За ужином, наблюдая, как Банни цепляется за руку Рика и старается подвинуться к нему так близко, как только позволял подлокотник кресла, Леверн помолилась про себя, чтоб этот длинноногий угловатый мужчина с резкими чертами лица, печально известный своими похождениями бабник остался верен собственной репутации. Что ей останется делать, если Банни решит навсегда исключить мать из своей жизни?!
Позже, в просмотровом зале, когда погасли лампы, Леверн закрыла глаза и попыталась взять себя в руки. Она должна сосредоточиться, внимательно просмотреть отснятые кадры, чтобы потом обсуждать их разумно и беспристрастно. Но главное, она не может позволять предубеждению против Рика Уэнера испортить впечатление от сцен, которые сейчас увидит.
Текущий материал, в лучшем случае, очень скучно смотреть. Хотя звук шел синхронно с кадрами, постоянно повторяющиеся дубли, одни и те же сцены наводили тоску. Поскольку режиссер был известен своим стремлением к совершенству, дублей снималось много, и, даже когда актеры, казалось, играли безупречно, он просил повторять еще и еще.
Вечер тянулся бесконечно. Обычно Рик изучал отснятый за предыдущий день материал на мовиоле, но по четвергам все же позволял себе роскошь вместе с некоторыми членами съемочной группы внимательно просматривать на экране все, что было сделано за неделю. Потом начиналось обсуждение увиденного. Он никогда не позволял монтажерам самим отбирать кадры до совещания по четвергам. Леверн оглянулась и заметила, что многие зрители делали пометки в блокнотах, хотя в зале было темно. Окончательное право решать принадлежало режиссеру, но коллеги знали, что к их мнению относятся с уважением.

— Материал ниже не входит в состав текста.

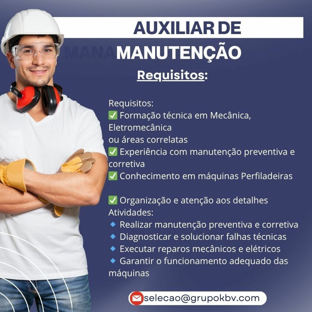 Empresa está selecionando Auxiliar de Manuntenção; Envie seu currículo!
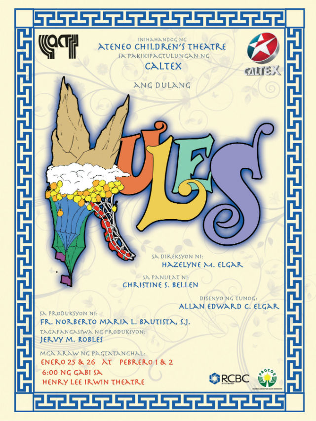 Journey with Kules from perya (circus) to Olympus in Ateneo Children’s Theater’s annual production for its 81st season, Christine S. Bellen’s Kules. This Filipino musical is an adaptation of the Greek tale Hercules. The main character Kules, goes on a journey to self-discovery. Set in a perya (circus) where amusement is at the core of all activities, the life of the crew is a testimony that happiness is indeed fleeting. While everyone manages to mask his insecurities and somehow come out a star performer in his act, Kules gets by each day without an ounce of confidence. On his birthday, the 11th anniversary of the day his adoptive parents found him, he gets confronted by two figures promising to lead him to discover his identity. Bisyo (vice), who presents himself as Happiness, assures Kules of experiencing what he has always been yearning for—a good life. Opposite to Bisyo is Kagandahang Asal (virtue), who vows to help Kules discover his inner strength. The play reveals the human capacity to surpass the lofty ideals of beauty, strength, and power that have long been ingrained in human consciousness. It is about the value of friendship and its potential to bring forth great things. Behind the production is a directorial team headed by Ace M. Elgar, together with JJ D. Ignacio and Adrian C. Reyes. Rediscover the road to triumph and glory at the Irwin Theater, Ateneo Grade School on January 25-26 and February 1-2 at 6 pm, and January 28-31 and February 2 at 8:30 am. Call 426-6001 local 7122 to reserve your tickets. Press release and photo from Ateneo de Manila University More Videos

Почти с самого начала Леверн поняла, что игра Банни в этом фильме может принести премию Академии Киноискусств. Даже мать видела новые, необычные аспекты ее творчества, глубины, на которые Банни, казалось, раньше не была способна. Для подобного самовыражения было недостаточно всего лишь мокрых от слез глаз. Зрители будут потрясены искренностью и правдивостью чувств.
Леверн поздравила себя с тем, что смогла уговорить такую умницу, как Хилда Маркс, стать агентом дочери. Кроме того, и фильм и время его появления выбраны как нельзя лучше, и, хотя придется временно мириться с Риком, в конце концов это все-таки окупится.
После показа, когда к ним присоединилась Банни, все отправились в конференц-зал, где уже ждали подносы с пирожными и горячий кофе. Дождавшись, пока приглашенные рассядутся, Рик открыл совещание.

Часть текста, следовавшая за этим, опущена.